Survey modelling

Adjusting for the Lizardman constant



Placeholder page for information about surveys, their design, analysis and limitations.

When can I get any information at out out of surveys?

It is, in general, hard, to get information out of surveys. Finding research questions that we can answer with surveys is a challenge in itself, and, having done so, it is a whole specialty field to design surveys to actually get at the research question we want to answer.
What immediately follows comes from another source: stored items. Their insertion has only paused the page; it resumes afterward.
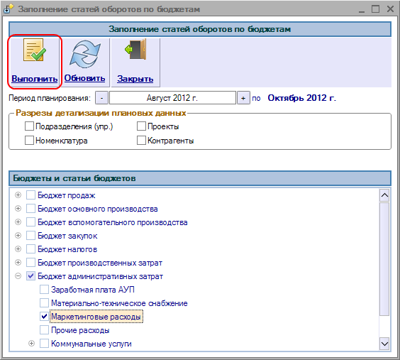 В списке «Бюджеты и статьи бюджетов» обработки выберем статью «Маркетинговые расходы» и нажмем кнопку «Выполнить». Табличная часть будет заполнена строками с выбранной статьей бюджета.
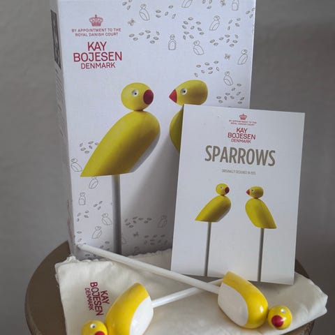 Kay Bojesen påskepinde i træ i gul farve. Sættet består af to dekorationspinde med fuglemotiv, velegnet som påskepynt i fx potteplanter eller dekorationer. Leveres med stofpose med Kay Bojesen-logo.
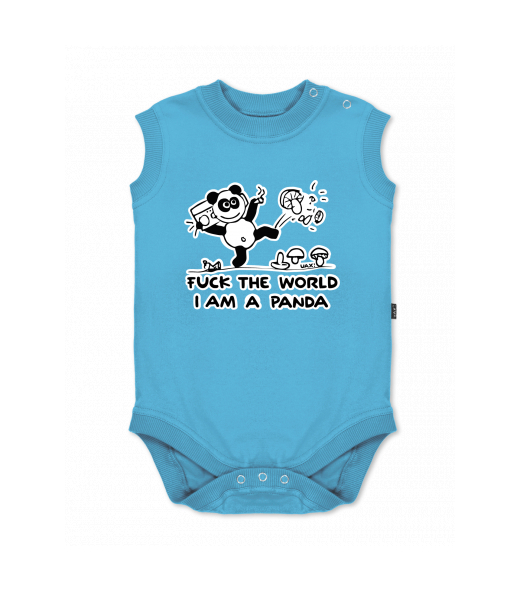 Baby body sleeveless with design for kid with design 1060 I AM A PANDA in color BLUE ATOLL

Typically surveys that I have been asked to look at have not put sufficient effort into that, or they put that effort in too late.

Survey Chicken is a good essay about the difficulties here:

What I mean by “surveys” is standard written (or spoken) instruments, composed mostly of language, that are administered to subjects, who give responses, and whose responses are treated as quantitative information, which may then be subjected to statistical analysis. It is not the case that knowledge can never be obtained in this manner. But the idea that there exists some survey, and some survey conditions, that might plausibly produce the knowledge claimed, tends to lead to a mental process of filling in the blanks, of giving the benefit of the doubt to surveys in the ordinary case. But, I think, the ordinary survey, in its ordinary conditions, is of no evidentiary value for any important claim.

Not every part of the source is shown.